‘Avengers: Infinity War’ brings together Marvel heroes from 18 films in massive culmination of nearly 10 years of storytelling
More than two-dozen superheroes. One big baddie. Let the mega-battle begin—and watch the box office receipts pile up.
This week, Marvel Studios unleashes the highly-anticipated Avengers: Infinity War on theaters worldwide, almost 10 years to the day that it introduced movie fans to its ever-expanding comic book world with Iron Man.
The film, set to hit U.S. theaters on Thursday night, is sure to be one of the biggest blockbusters of the year—and the unofficial kick-off to the summer movie season.
Infinity War is the 19th film in the so-called Marvel Cinematic Universe (MCU)—it combines a whopping nine franchises, and the cast list reads like a who’s who of Hollywood’s A-list.
Robert Downey Jr. will don the red and yellow metal suit once again as Iron Man; Benedict Cumberbatch is Doctor Strange; Scarlett Johansson is back as Black Widow; and Australia’s Chris Hemsworth is Thor. Also back for more? Black Panther—the Marvel breakout of the year after the massive opening of the standalone pic in February, Captain America, the Hulk, Spider-Man, Hawkeye, the Guardians of the Galaxy and their assorted allies.
Their mission? To prevent the powerful purple alien Thanos (Josh Brolin) from destroying the universe.
“We took a picture of every single person whose character has been in the MCU. We hung it up on a wall all around us,” co-director Anthony Russo, who helms the pic with his brother Joe, told reporters ahead of the film’s release. “We basically spent months and months and months talking about where we could go with each character, how we could draw them through the story,” he added. “Every one of these characters… has been on a very specific journey through the MCU to arrive at this moment.”
This is the third Avengers film, with the final, untitled saga set for next year.
At the press conference in Beverly Hills, the directors and stars were careful not to reveal too many details about the film’s plot.

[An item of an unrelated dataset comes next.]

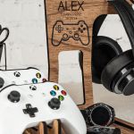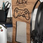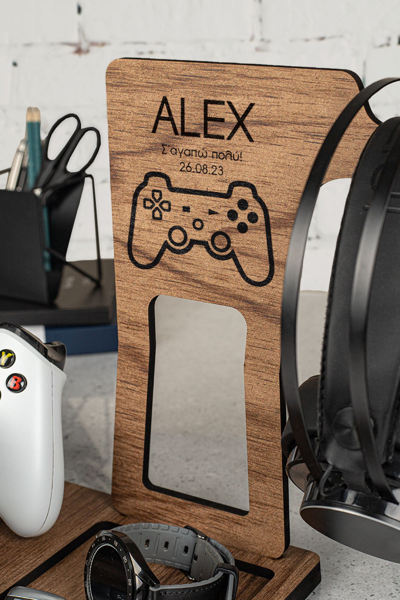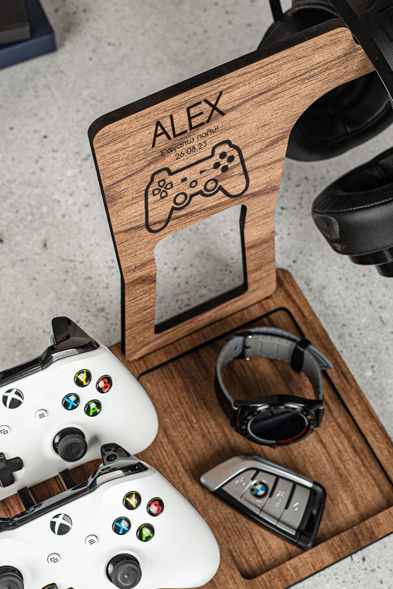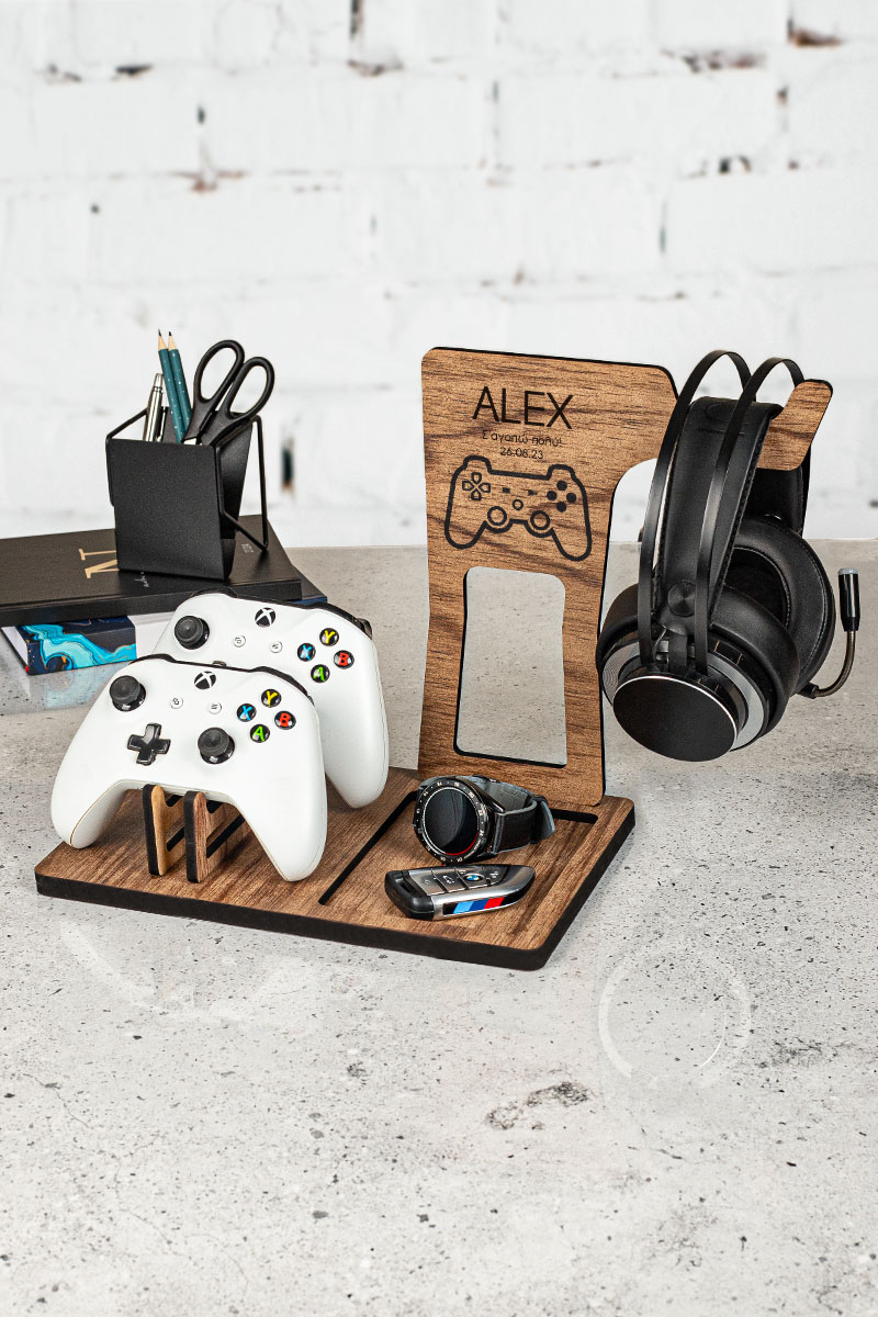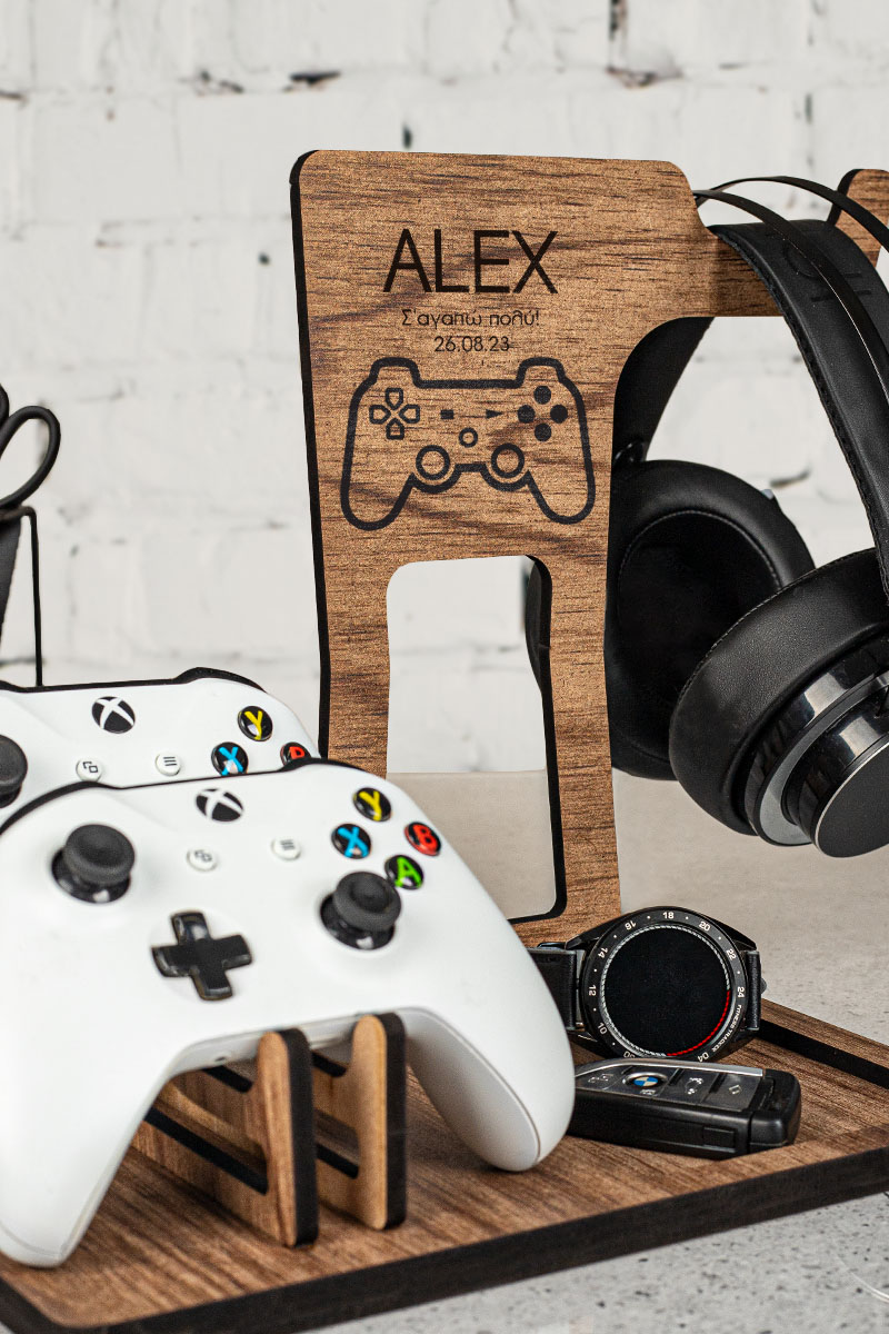 Ξύλινο επιτραπέζιο Stand οργάνωσης για ακουστικά και χειριστήρια

But expectations are high after the massive success of Black Panther, which so far has raked in more than $1.3 billion worldwide and has broken the all-time North American record set by Titanic, with more than $680 million in the U.S. and Canada.
Some projections have it opening at more than $235 million, and even higher, according to Variety—the record opening weekend of $248 million for Star Wars: The Force Awakens is within reach.
“It was great to go from what we did with Black Panther, and bringing some of that into Avengers,” said Chadwick Boseman, who portrays the character—the first black superhero to front a movie. “It’s its own thing.”
An important source of inspiration is the Marvel canon—the storylines developed over decades in the original comic books. Infinity War is drawn from the Infinity Gauntlet series from the early 1990s.
“It starts with those comics and us beginning to rip pages out or rip copies of pages out and put them on the walls and start to be inspired,” explains Kevin Feige, the president of Marvel Studios, which is owned by Disney. “It’s a North Star for us as we lead these giant productions into reality.”
In the movie’s trailer, Gamora (Zoe Saldana)—Thanos’s daughter, of sorts—explains that the villain believes that if he annihilates half of the universe, he can save the other half. He needs the so-called Infinity Stones to do it. So, the heroes need to keep him from getting them.
The film—which cost an eye-watering $300 million to make, according to Hollywood media—is likely to wow audiences with its cutting-edge special effects. And Marvel legend Stan Lee—the co-creator of numerous heroes including Spider-Man, the Hulk and Black Panther, who is facing claims of sexual assault—makes his usual cameo appearance.
“It was about the most fun creative exercise I think I’ve ever been through in my life,” said Anthony Russo. “We thought about everybody in the MCU.”
Tom Holland, the young British actor who is the latest to wear the Spider-Man suit, says his only disappointment was not getting to wear the “Iron Spider” armor, which is instead digitally edited into the film. “It’s too amazing to exist in real life,” says Holland. “So I joined the wonderful Mark Ruffalo… and stood amongst these gods wearing pajamas,” he joked.